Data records
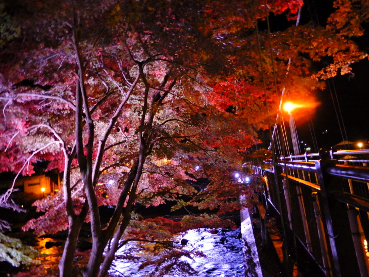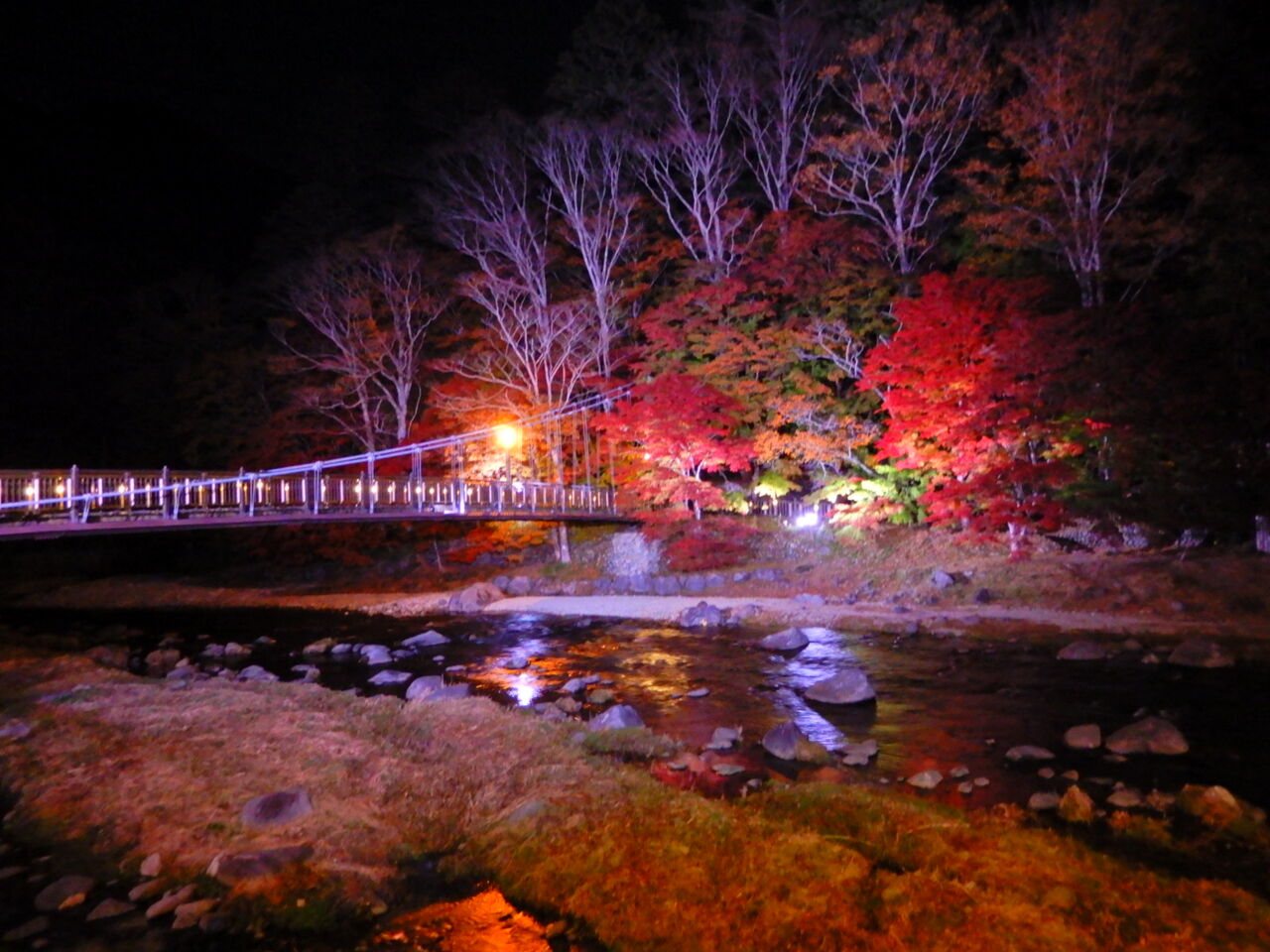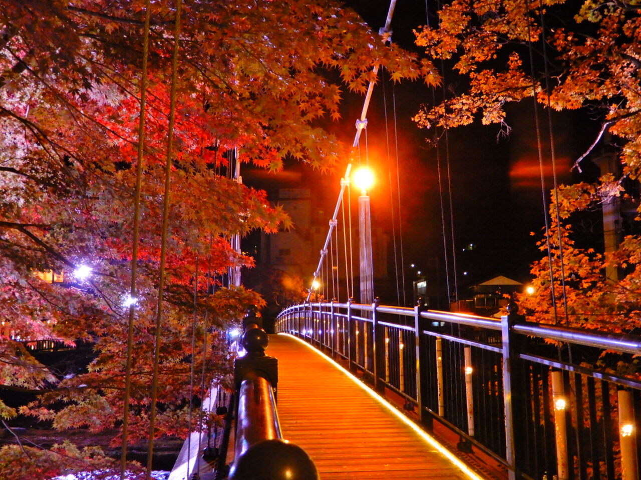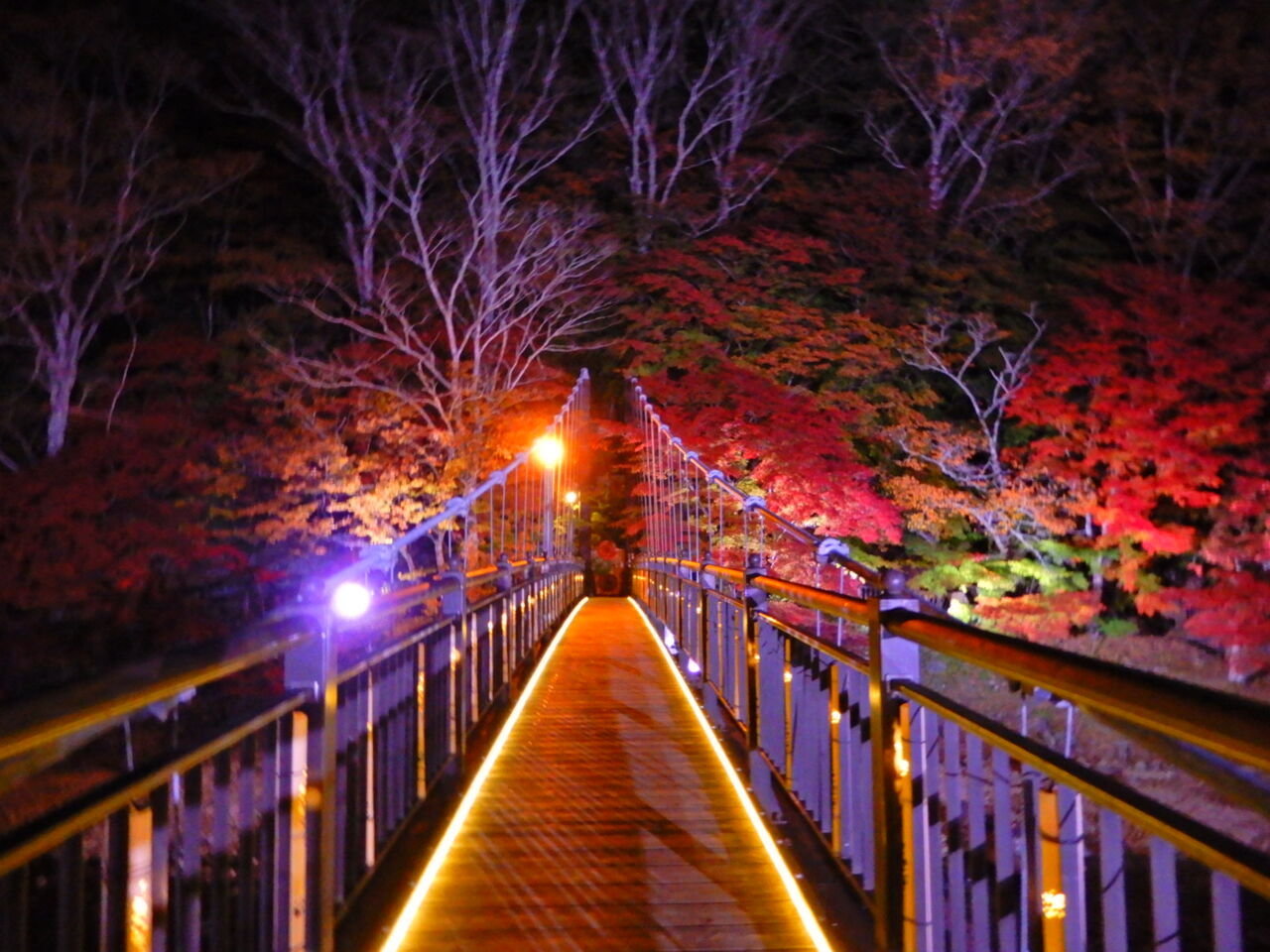 塩原紅葉2025(紅の吊橋夜のライトアップ)
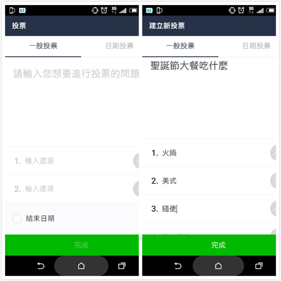 ▲ 這時可以看到有『一般投票』、『日期投票』可以選擇。如果想輸入多種選項(如菜色、地點),就選擇一般投票;如果純粹要找哪一天做什麼事,就可以用日期投票。
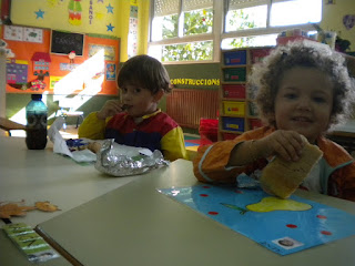 Fixemos uns manteis individuais!! A profe dounos un froita que pintamos coas pegadas dos nosos dedos, logo recortounola (pois era un pouco complicado para recortar nós), pegámola cada un nun folio de cores e decorámolo con gomets. Os máis pequenos puxémoslle a foto xunto ao nome para recoñecelo. Logo a profe plastificounos e así de chulis quedaron!
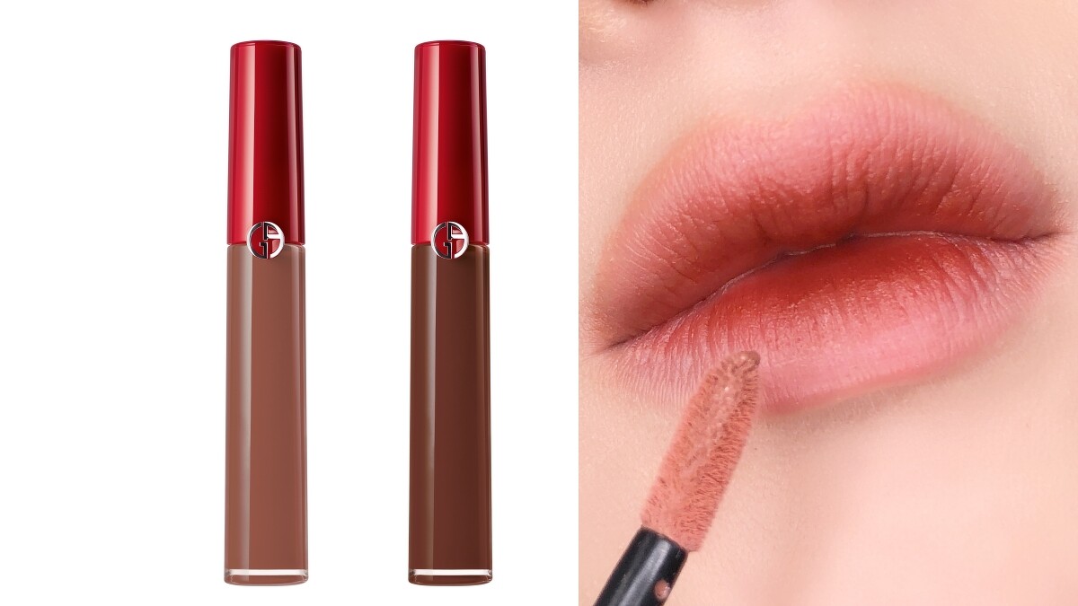 GIORGIO ARMANI奢華絲絨訂製唇萃2021年年初推出「威尼斯日落暖棕系列」,以威尼斯日落為靈感的一系列棕紅色調真的巨美,復古的暖調質感棕色,比玫瑰色更襯膚色、比土色更顯白皙。
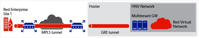 این سناریو روشی جهت اتصال با سرعت بالا، از Tenant روی شبکهی مبنا به شبکهی مجازیِ واقع در شبکهی شرکت ارائهدهندهی خدمات هاستینگ می باشد. یک Tenant از طریق (MPLS (Multi Protocol Label Switching به شبکهی شرکت هاستینگ وصل میشود و آنجا یک GRE Tunnel بین لبهی روترِ شرکت هاستینگ و Multi-Tenant Gateway به سمت شبکهی مجازی Tenant ایجاد میگردد.
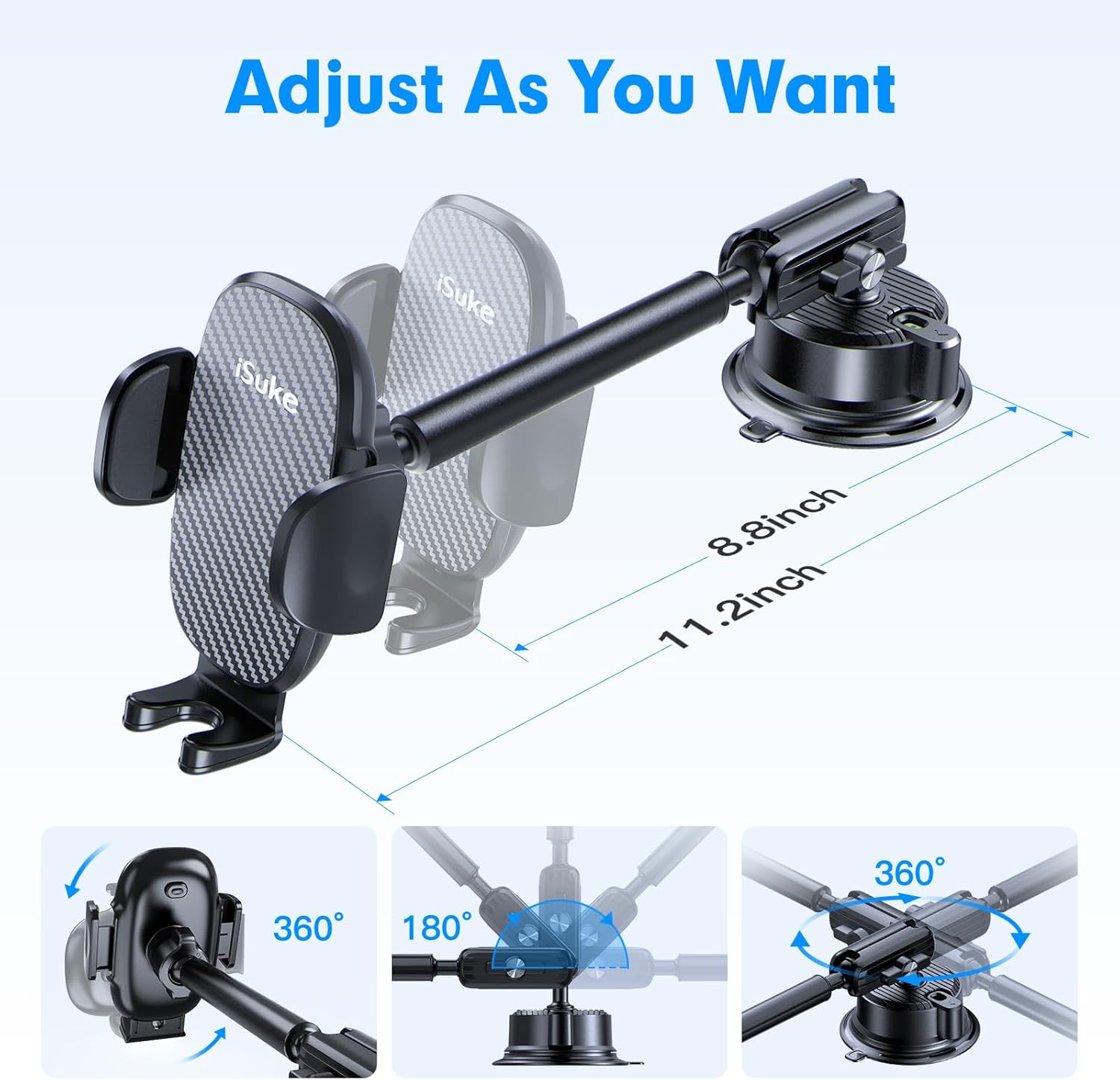 - [Unobstructed View] isuke cell phone car mount features a flexible 360° ball joint and an adjustable extend arm, allowing you to easily switch between portrait and landscape view, convenient navigation and answering calls. Super stable phone holder for car ensuring that you can keep your hands free and your eyes on the road, making for a safer and more comfortable driving experience.
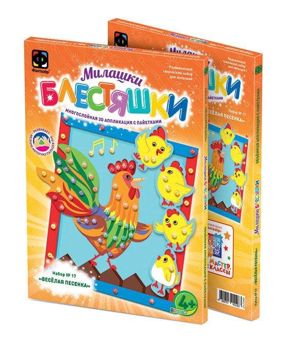 Аппликация без ножниц и клея "два-в-одном": бумажная и с пайетками. В наборе все что нужно, чтобы ребенок с пользой и удовольствием провел время: достаточно плотная картонная основа, детали аппликации из картона (хвост петуха, цыплята, рамка), объемный двусторонний скотч (его впритык, если неаккуратно использовать - может и не хватит), а вот пайеток - с избытком, точно останутся. Дети старше пяти лет могут справиться сами. В целом рекомендую.
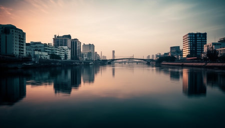 An elevated view shows a cityscape with high-rise buildings and bridges spanning a wide river. The composition features various shades of blue and orange across the sky and water, creating a tranquil environment. This image could be used for travel, urban development, or architectural design concepts.
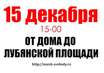 В четверг заявители "Марша свободы" получили официальный отказ мэрии Москвы в согласовании акции. В среду заявителям и мэрии Москвы не удалось договориться о маршруте "Марша свободы". Мэрия предложила организаторам марша маршрут от Трубной площади до Кропоткинской набережной. "У Мэрии нет других вариантов по маршруту Марша. Это нас не устраивает. Значит, остается вариант - Лубянка в 15:00. Каждый идет сам", - написал в своем блоге координатор Левого фронта Удальцов. Ранее Алексей Навальный, Сергей Пархоменко, Илья Яшин, другие члены КСО и протестные активисты объявили о намерении выйти на Лубянку 15 декабря несмотря на отказ в согласовании. Начало акции в 15 часов.
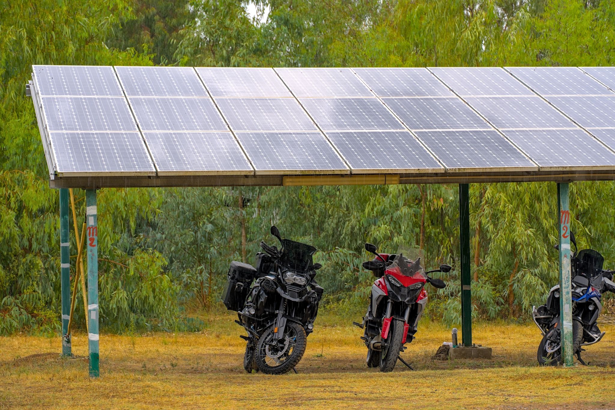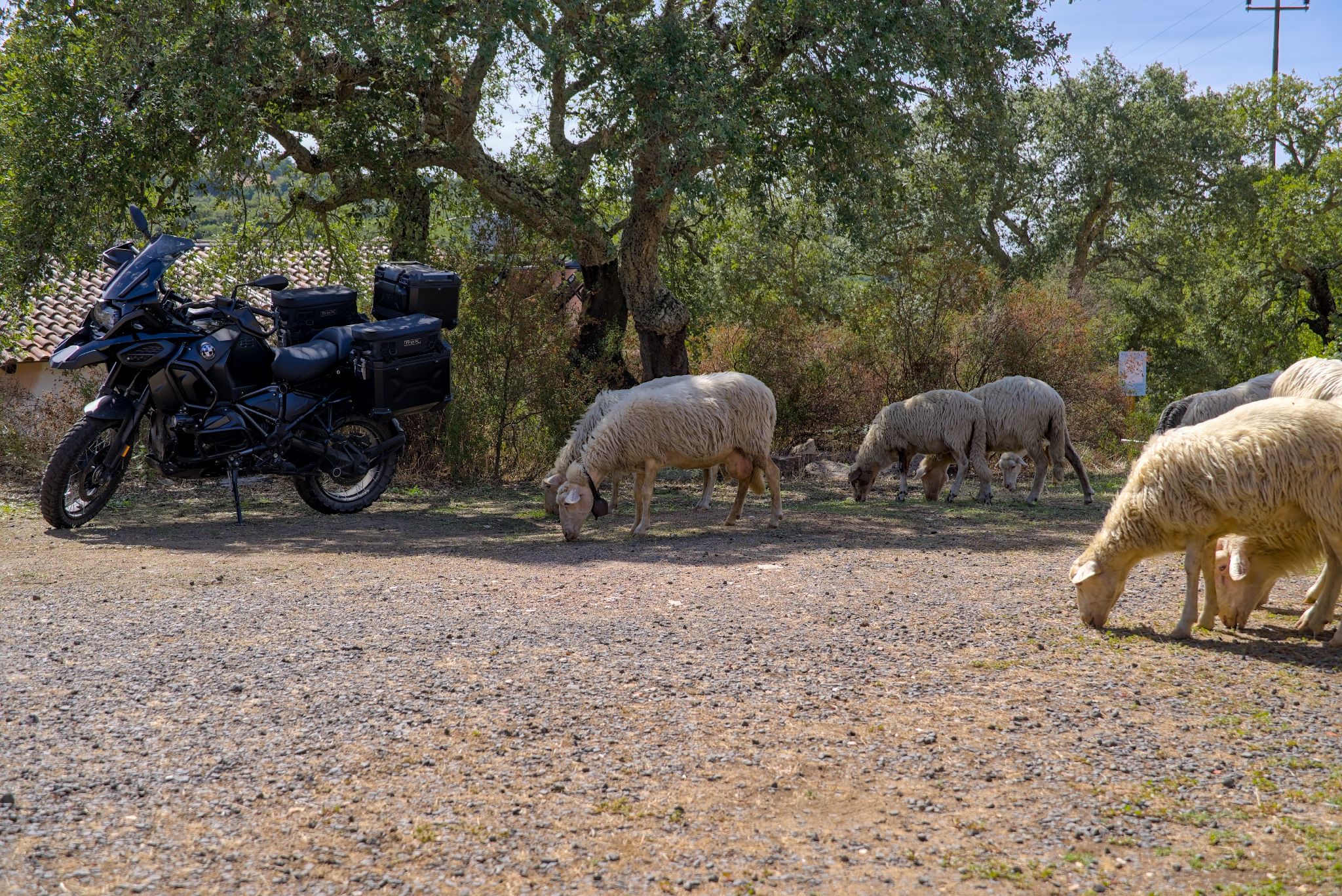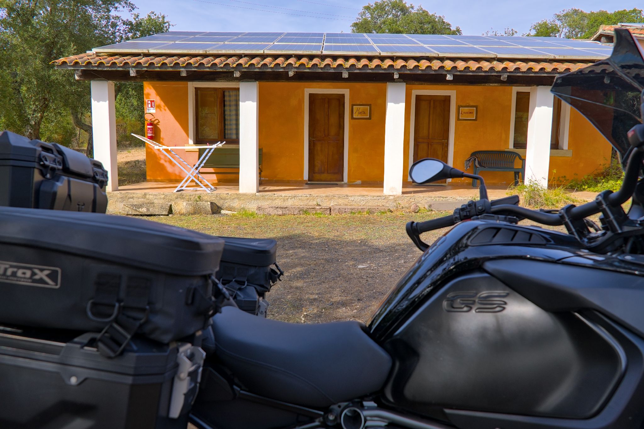 Bei Ankunft kam ein heftiges Gewitter an, welches uns seit Baunei im Nacken hing. Klar, wir sind einmal auf Sardinien und genau dann regnet es 😉 in diesem Fall war es ein Segen, nach dem heißen Tag. Die Motorräder konnten unter einem Solar-Carport untergestellt werden.

■ What to produce: Please return every record above exactly, but leave out the pictures.

■ Exercise solution:
 塩原紅葉2025(紅の吊橋夜のライトアップ)
 ▲ 這時可以看到有『一般投票』、『日期投票』可以選擇。如果想輸入多種選項(如菜色、地點),就選擇一般投票;如果純粹要找哪一天做什麼事,就可以用日期投票。
 Fixemos uns manteis individuais!! A profe dounos un froita que pintamos coas pegadas dos nosos dedos, logo recortounola (pois era un pouco complicado para recortar nós), pegámola cada un nun folio de cores e decorámolo con gomets. Os máis pequenos puxémoslle a foto xunto ao nome para recoñecelo. Logo a profe plastificounos e así de chulis quedaron!
 GIORGIO ARMANI奢華絲絨訂製唇萃2021年年初推出「威尼斯日落暖棕系列」,以威尼斯日落為靈感的一系列棕紅色調真的巨美,復古的暖調質感棕色,比玫瑰色更襯膚色、比土色更顯白皙。
 این سناریو روشی جهت اتصال با سرعت بالا، از Tenant روی شبکهی مبنا به شبکهی مجازیِ واقع در شبکهی شرکت ارائهدهندهی خدمات هاستینگ می باشد. یک Tenant از طریق (MPLS (Multi Protocol Label Switching به شبکهی شرکت هاستینگ وصل میشود و آنجا یک GRE Tunnel بین لبهی روترِ شرکت هاستینگ و Multi-Tenant Gateway به سمت شبکهی مجازی Tenant ایجاد میگردد.
 - [Unobstructed View] isuke cell phone car mount features a flexible 360° ball joint and an adjustable extend arm, allowing you to easily switch between portrait and landscape view, convenient navigation and answering calls. Super stable phone holder for car ensuring that you can keep your hands free and your eyes on the road, making for a safer and more comfortable driving experience.
 Аппликация без ножниц и клея "два-в-одном": бумажная и с пайетками. В наборе все что нужно, чтобы ребенок с пользой и удовольствием провел время: достаточно плотная картонная основа, детали аппликации из картона (хвост петуха, цыплята, рамка), объемный двусторонний скотч (его впритык, если неаккуратно использовать - может и не хватит), а вот пайеток - с избытком, точно останутся. Дети старше пяти лет могут справиться сами. В целом рекомендую.
 An elevated view shows a cityscape with high-rise buildings and bridges spanning a wide river. The composition features various shades of blue and orange across the sky and water, creating a tranquil environment. This image could be used for travel, urban development, or architectural design concepts.
 В четверг заявители "Марша свободы" получили официальный отказ мэрии Москвы в согласовании акции. В среду заявителям и мэрии Москвы не удалось договориться о маршруте "Марша свободы". Мэрия предложила организаторам марша маршрут от Трубной площади до Кропоткинской набережной. "У Мэрии нет других вариантов по маршруту Марша. Это нас не устраивает. Значит, остается вариант - Лубянка в 15:00. Каждый идет сам", - написал в своем блоге координатор Левого фронта Удальцов. Ранее Алексей Навальный, Сергей Пархоменко, Илья Яшин, другие члены КСО и протестные активисты объявили о намерении выйти на Лубянку 15 декабря несмотря на отказ в согласовании. Начало акции в 15 часов.
 Bei Ankunft kam ein heftiges Gewitter an, welches uns seit Baunei im Nacken hing. Klar, wir sind einmal auf Sardinien und genau dann regnet es 😉 in diesem Fall war es ein Segen, nach dem heißen Tag. Die Motorräder konnten unter einem Solar-Carport untergestellt werden.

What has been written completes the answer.